ATISS
ATISS copied to clipboard
Reproduction Discrepancies: High FID, Overfitting Gives Nicer Results
Hello authors, First, thank you for open‑sourcing your code and detailed paper! We’re a team of beginner undergraduate students. So, we have following questions about reproducing ATISS results:
1. FID much higher than reported (~95–115 vs. 35)
- We used your
compute_fid.pyunmodified on 256×256 photorealistic, top‑down renders (after mesh retrieval) for both real test scenes and our 1 000 generated test layouts. - Repeated sampling 10× and averaged the FID.
- We get FID in the range 95–115, despite matching your classifier and KL metrics (ours are even slightly better).

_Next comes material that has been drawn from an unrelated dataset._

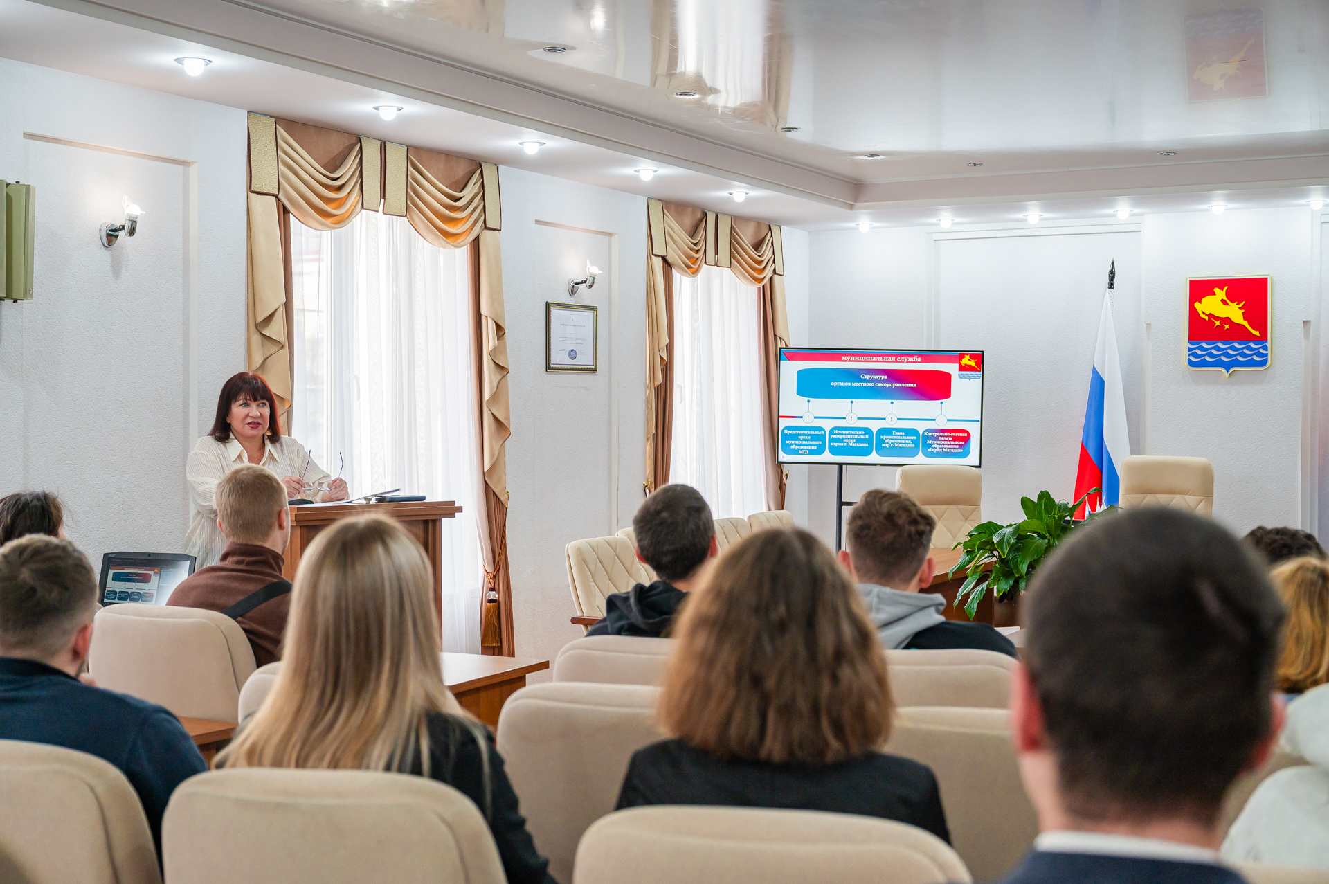 Она рассказала о структуре местного самоуправления, чем служба отличается от работы, какие карьерные перспективы ждут молодежь при трудоустройстве, и как можно себя реализовать в мэрии города и ее подведомственных органах. А в качестве наглядного примера, доказывающего, что в органе местного самоуправления открыта дорога молодым, Людмила Владимировна представила студентам молодого руководителя управления административно-технического контроля Даниила Красковского.

- We also tried using same floor‐texture for real and synthetic scene pairs generated for same scenes floor plan.
Could we be missing any rendering or preprocessing detail?

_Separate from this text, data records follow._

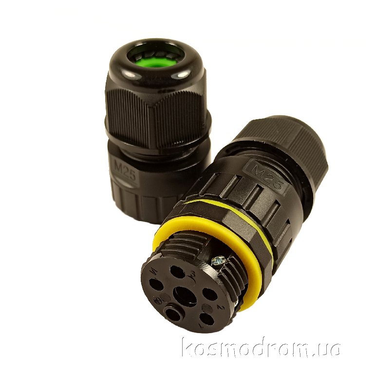 Герметичный кабельный соединитель. Резьба М25. Количество контактов: 5 Диаметр кабеля: 10-14 мм. IP68
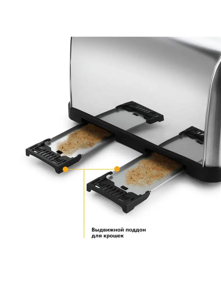 Снизу каждой секции расположен выдвижной поддон для крошек, поэтому чистить тостер просто и удобно.
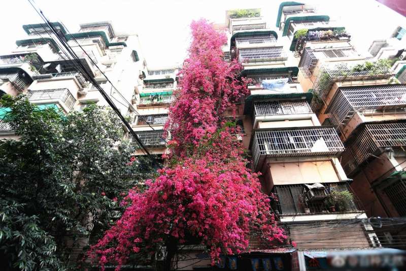 ▼後來一次偶遇大風,九重葛被吹倒。後來九重葛一直沿著牆面生長,慢慢的花也越開越多。九重葛慢慢的長大,期間也有住戶表示擋光,但羅先生仔細的修建後大家也都不再反對。
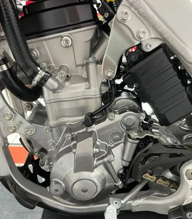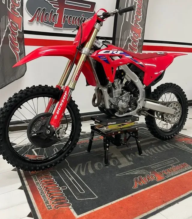 Es una moto de motocross pura, heredera directa de la CRF 450 R, con chasis y suspensiones de competición y una entrega de potencia optimizada para pilotos exigentes.

2. Validation loss “overfits” yet sample quality remains good
Validation loss decreases only for ~50 epochs, then rises to worse than random initialization.
- Yet sampled scenes from the “overfitted” checkpoint contain plausible layouts and correct furniture counts, whereas the lowest–val‐loss checkpoint often produces near‐empty rooms.
- We calculated metrics for overfitted checkpoint, it gives similar results as minimum validation loss checkpoint.
What do you suggest about this?
3. Teacher forcing
- Why did you decide not to use teacher forcing?
- What should we change in loss or other to do teacher forcing?
Thank you!